Anschliessend würde ich: partitionieren und formatieren von hdc, umkopieren der Daten auf hdc. Ergebnis: Alle Daten ohne Raids auf hdc. Mit hda kannst dann machen was dir beliebt.

----------

## tazinblack

Oder einfach die neue VM mit ner livecd booten. Netzwerk dort einrichten, Platte partitionieren und formatieren, dann mit rsync über SSH die Dateien vom alten auf die neue VM übernehmen, Bootloader schreiben. Du musst nur drauf achten, dass die Livecd nicht zu neu ist. Sonnst könnte ich mir vorstellen, dass ein zu neues Filesystem vom alten Kernel nicht benutzt werden kann. Achso, der Kernel sollte natürlich die neuen virtuellen Devices unterstützen. Die könntest Du nach etwas Recherche schon mal auf dem alten System in den Kernel einbauen.

Ich würde mir trotzdem mal Überlegen, ob Du Dein Wiki und die DB nicht auf neuen Versionen zum Laufen bekommst. Das alte Zeugs hold einen immer irgendwann ein.
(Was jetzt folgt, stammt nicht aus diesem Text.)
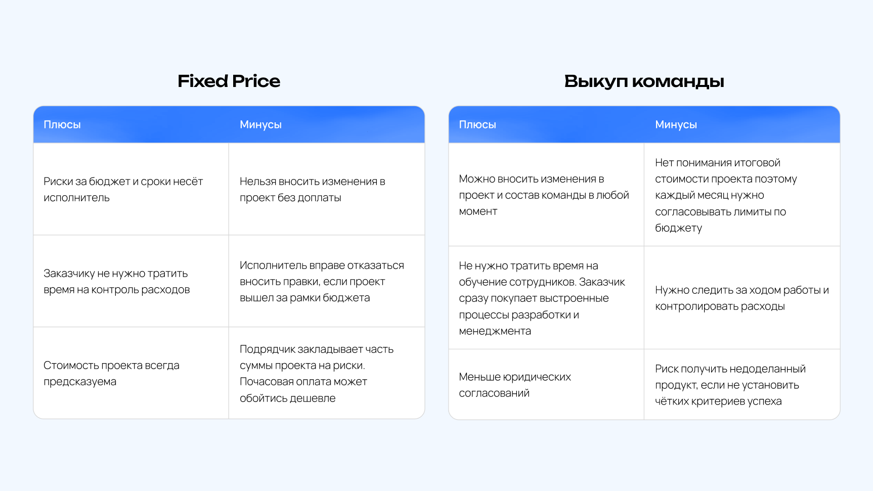 Fixed Price подходит для небольших проектов с понятным набором задач, выкуп команды — для сложных сервисов в активной фазе развития или проектов с высокой степенью неопределённости. Рассказываем о плюсах и минусах каждого формата и как их можно совмещать на больших проектах.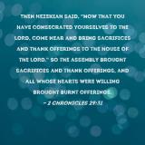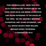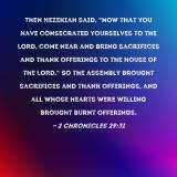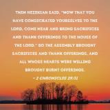 Pictures and Artwork Then Hezekiah said, "Now that you have consecrated yourselves to the LORD, come near and bring sacrifices and thank offerings to the house of the LORD." So the assembly brought sacrifices and thank offerings, and all whose hearts were willing brought burnt offerings. |

Ich hab vor kurzem das Gleiche gemacht mit Dokuwiki, Intranetzeugs auf PHP und diversen Mysql Datenbanken.

Die Kompatibilität auf eine aktuelle PHP Version war gar kein Problem. Und die Migration von mysql 5.1 auf ne mariadb 10.0 war auch zu lösen.

Wenn ich mich recht erinnere musste man nur den mysql dump bzgl. Engine anpassen. Hab auch das Gefühl, dass die mariadb schneller ist.

----------